- **Given material**:
---------------

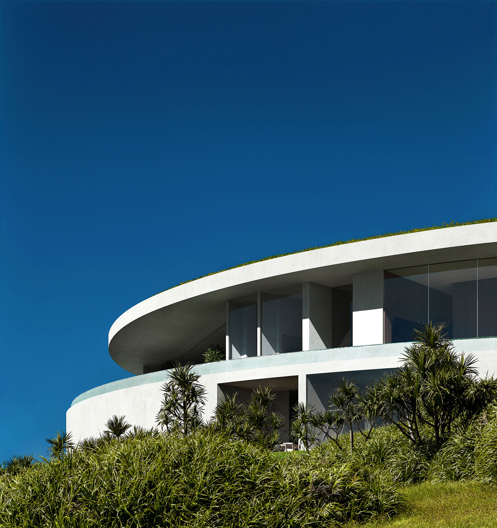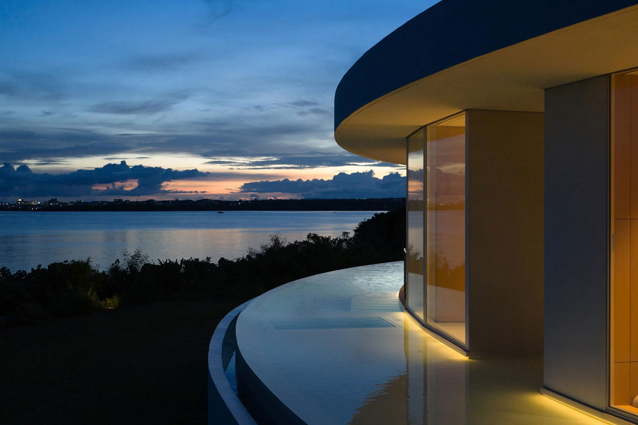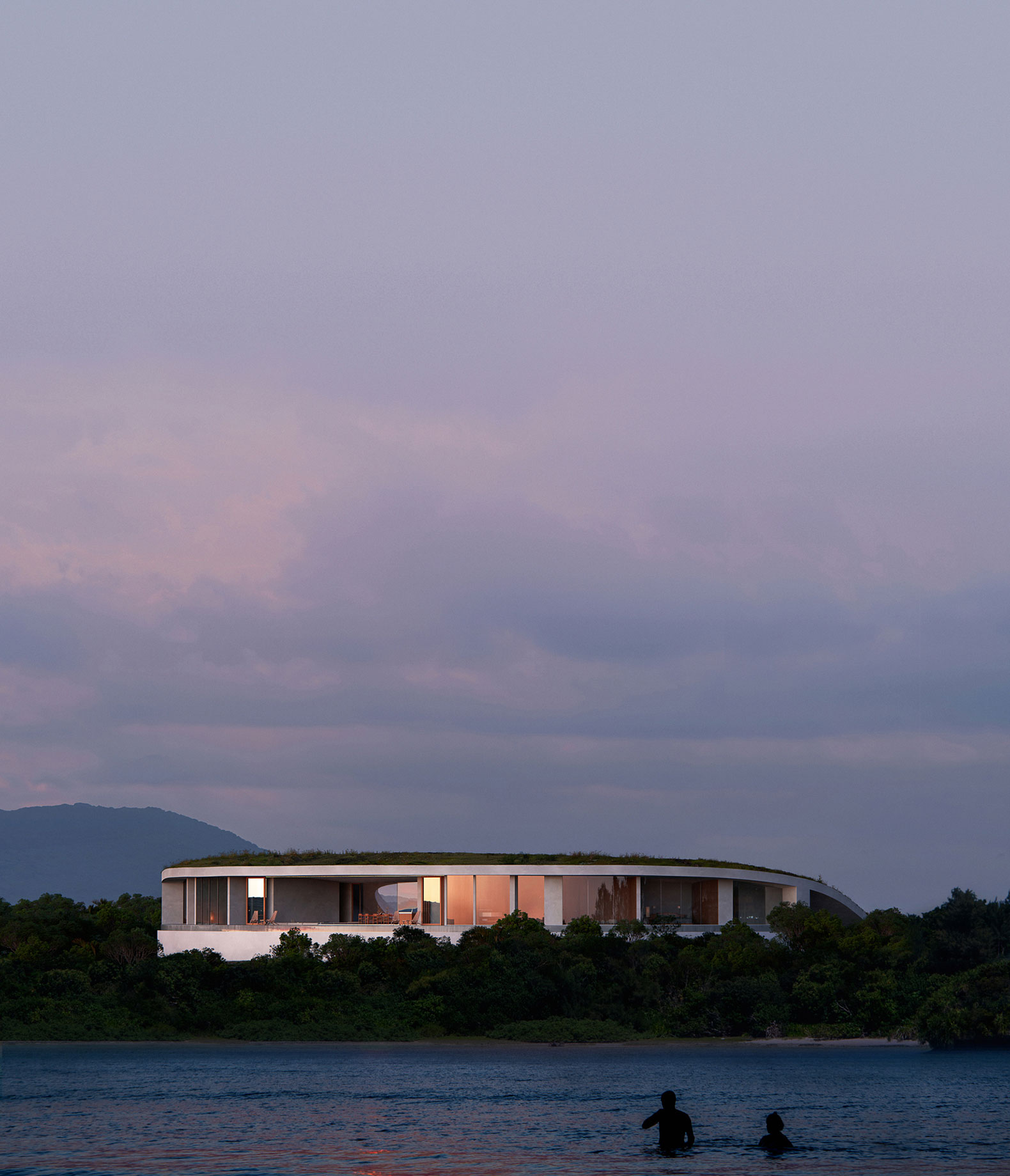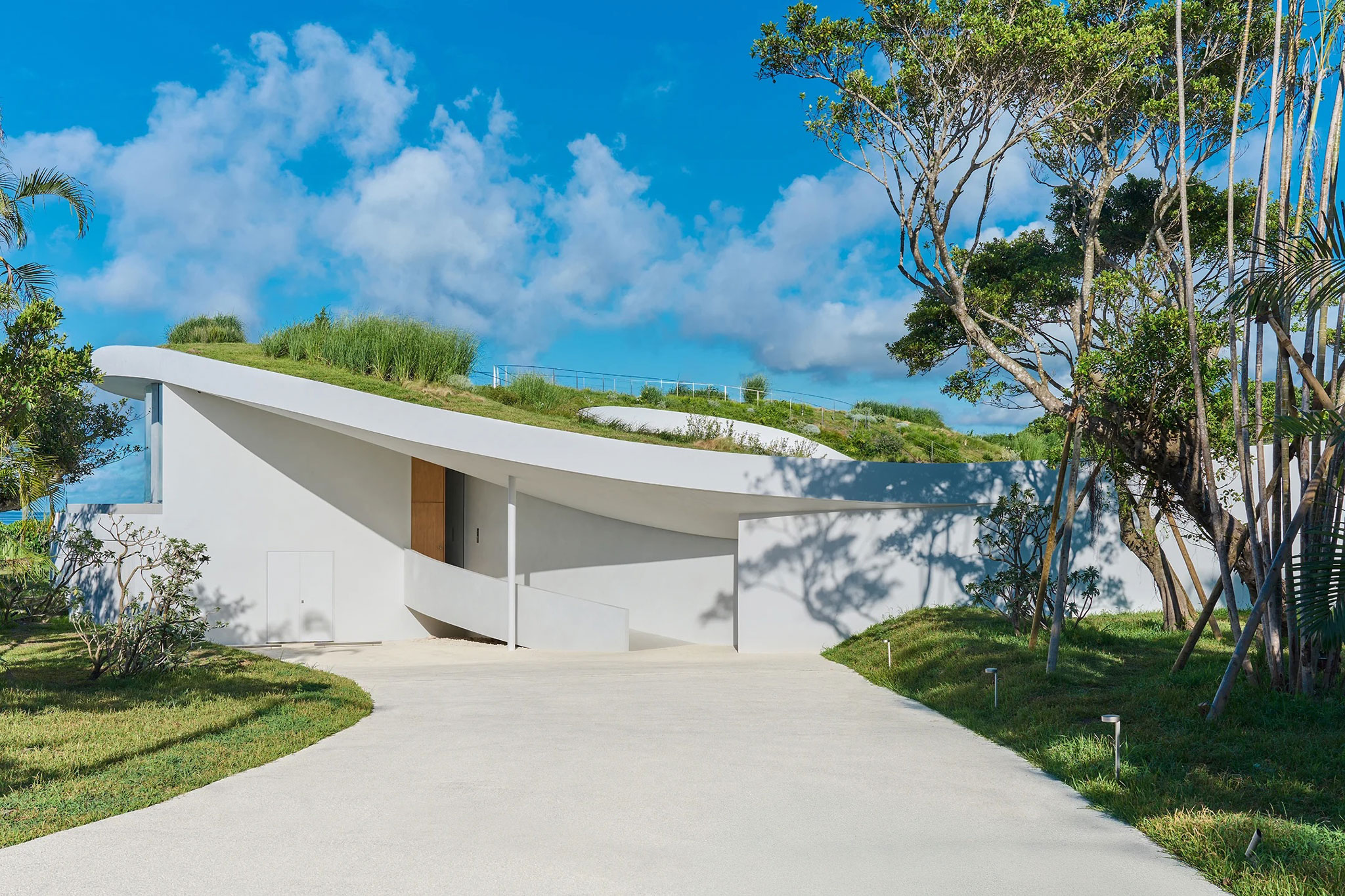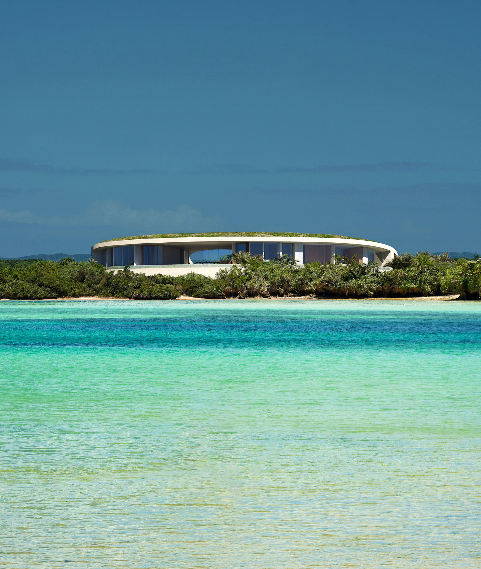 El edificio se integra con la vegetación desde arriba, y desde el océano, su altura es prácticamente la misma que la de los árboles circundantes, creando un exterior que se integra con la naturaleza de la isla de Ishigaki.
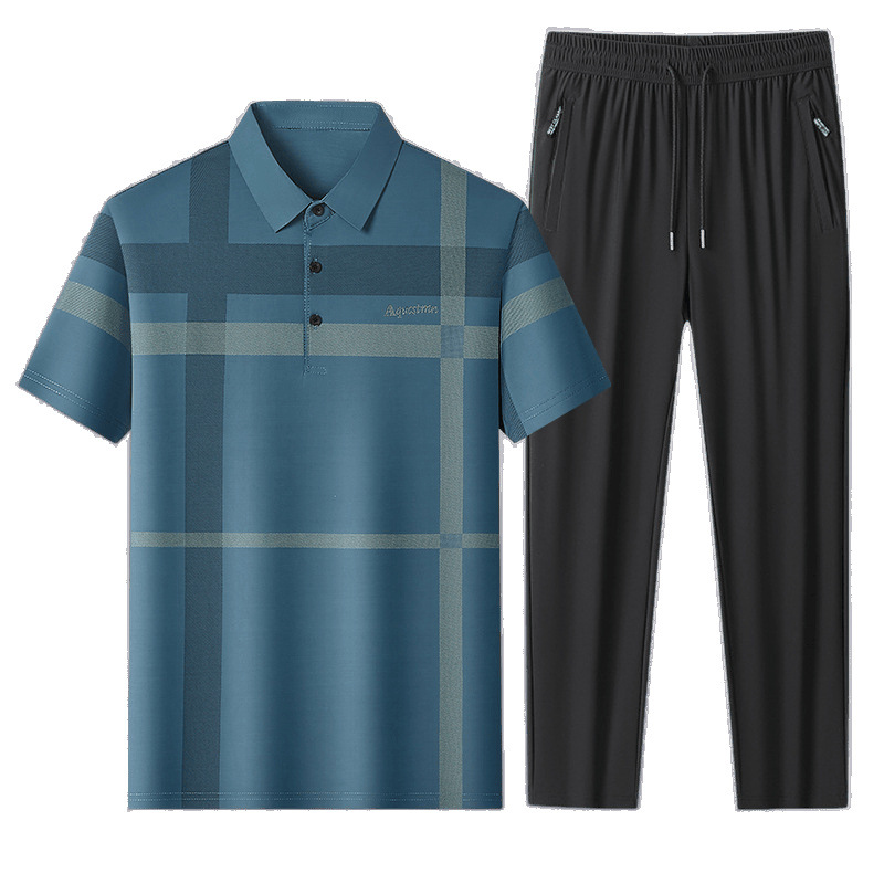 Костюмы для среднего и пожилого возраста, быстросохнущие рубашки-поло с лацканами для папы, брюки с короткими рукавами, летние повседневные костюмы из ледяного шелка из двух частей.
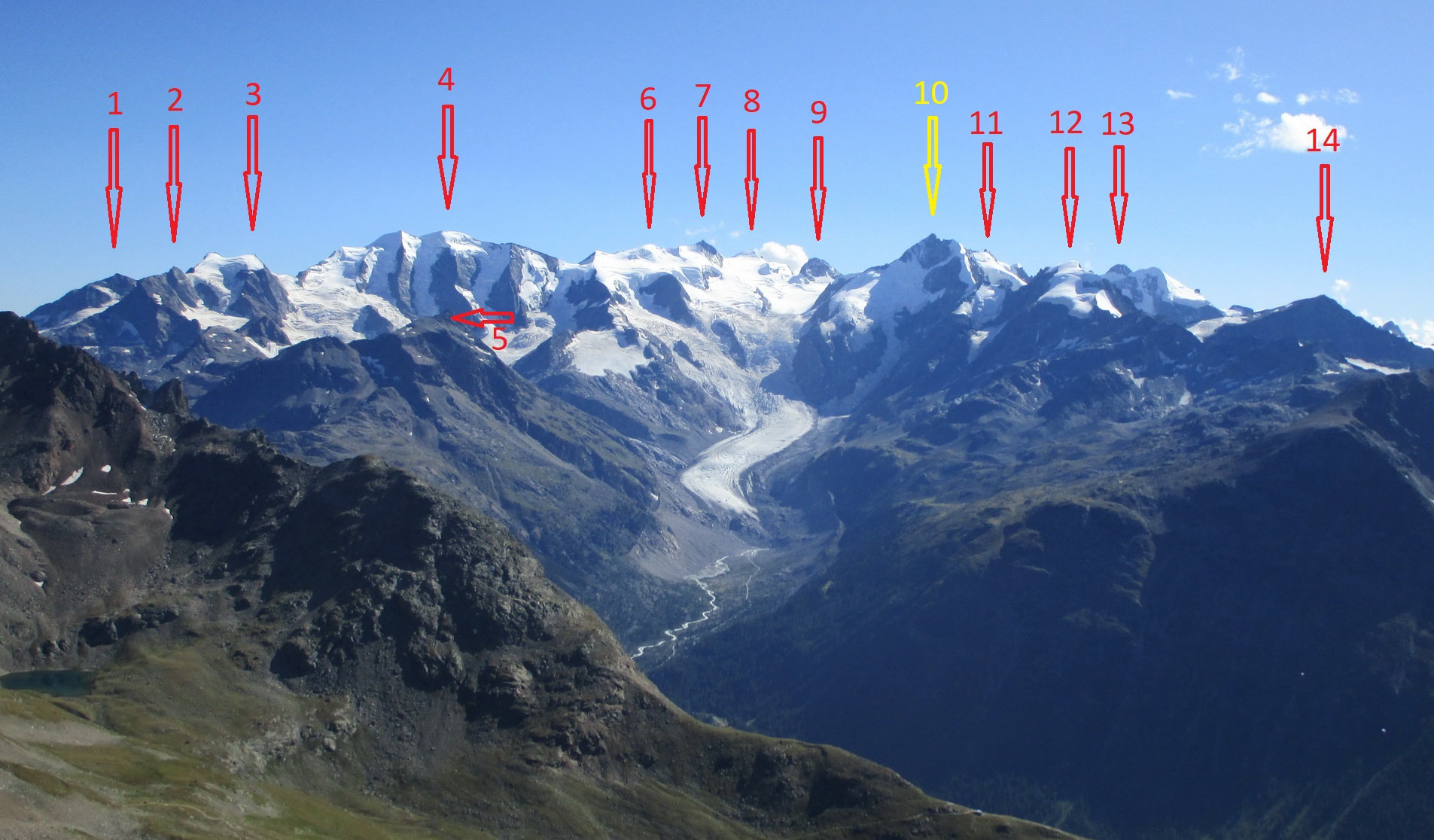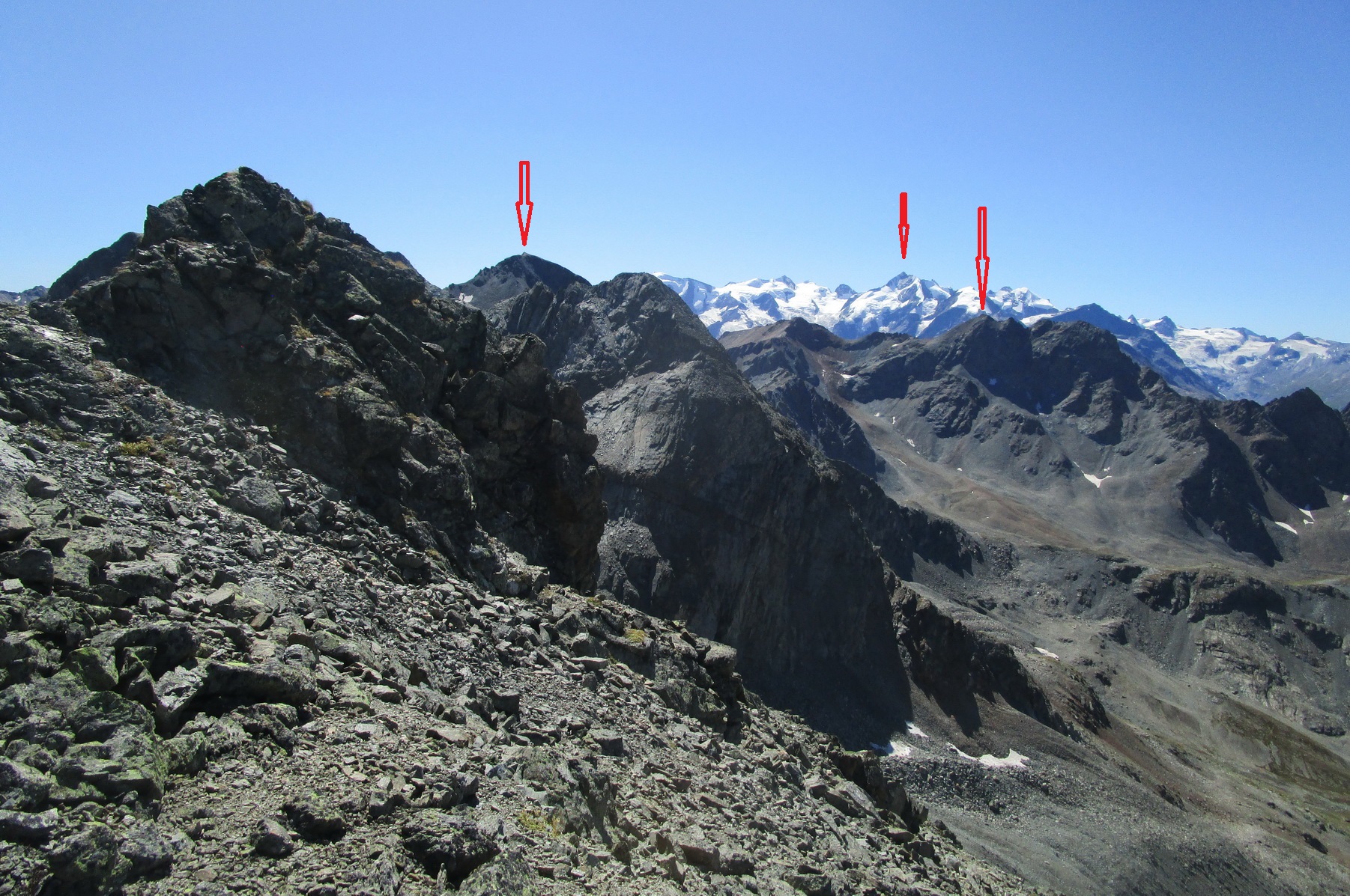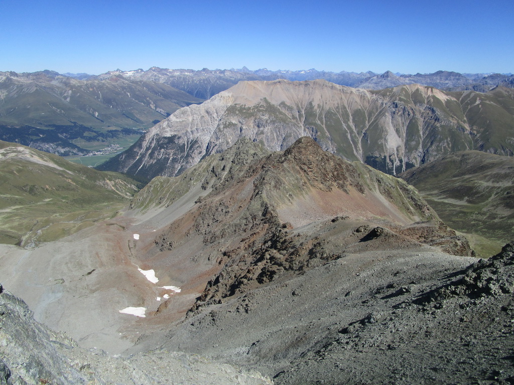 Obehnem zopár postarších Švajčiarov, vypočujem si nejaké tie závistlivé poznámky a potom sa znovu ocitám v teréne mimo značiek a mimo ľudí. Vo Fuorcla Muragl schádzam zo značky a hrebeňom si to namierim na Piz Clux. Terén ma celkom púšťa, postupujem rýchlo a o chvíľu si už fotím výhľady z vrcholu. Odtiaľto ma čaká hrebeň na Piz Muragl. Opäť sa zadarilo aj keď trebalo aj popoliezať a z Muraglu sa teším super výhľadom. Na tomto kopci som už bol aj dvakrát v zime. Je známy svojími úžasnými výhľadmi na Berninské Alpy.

---------------

- **Exercise**: If a line holds a picture, skip the picture and transcribe the rest of the material exactly.

- **Output**:
 El edificio se integra con la vegetación desde arriba, y desde el océano, su altura es prácticamente la misma que la de los árboles circundantes, creando un exterior que se integra con la naturaleza de la isla de Ishigaki.
 Костюмы для среднего и пожилого возраста, быстросохнущие рубашки-поло с лацканами для папы, брюки с короткими рукавами, летние повседневные костюмы из ледяного шелка из двух частей.
 Obehnem zopár postarších Švajčiarov, vypočujem si nejaké tie závistlivé poznámky a potom sa znovu ocitám v teréne mimo značiek a mimo ľudí. Vo Fuorcla Muragl schádzam zo značky a hrebeňom si to namierim na Piz Clux. Terén ma celkom púšťa, postupujem rýchlo a o chvíľu si už fotím výhľady z vrcholu. Odtiaľto ma čaká hrebeň na Piz Muragl. Opäť sa zadarilo aj keď trebalo aj popoliezať a z Muraglu sa teším super výhľadom. Na tomto kopci som už bol aj dvakrát v zime. Je známy svojími úžasnými výhľadmi na Berninské Alpy.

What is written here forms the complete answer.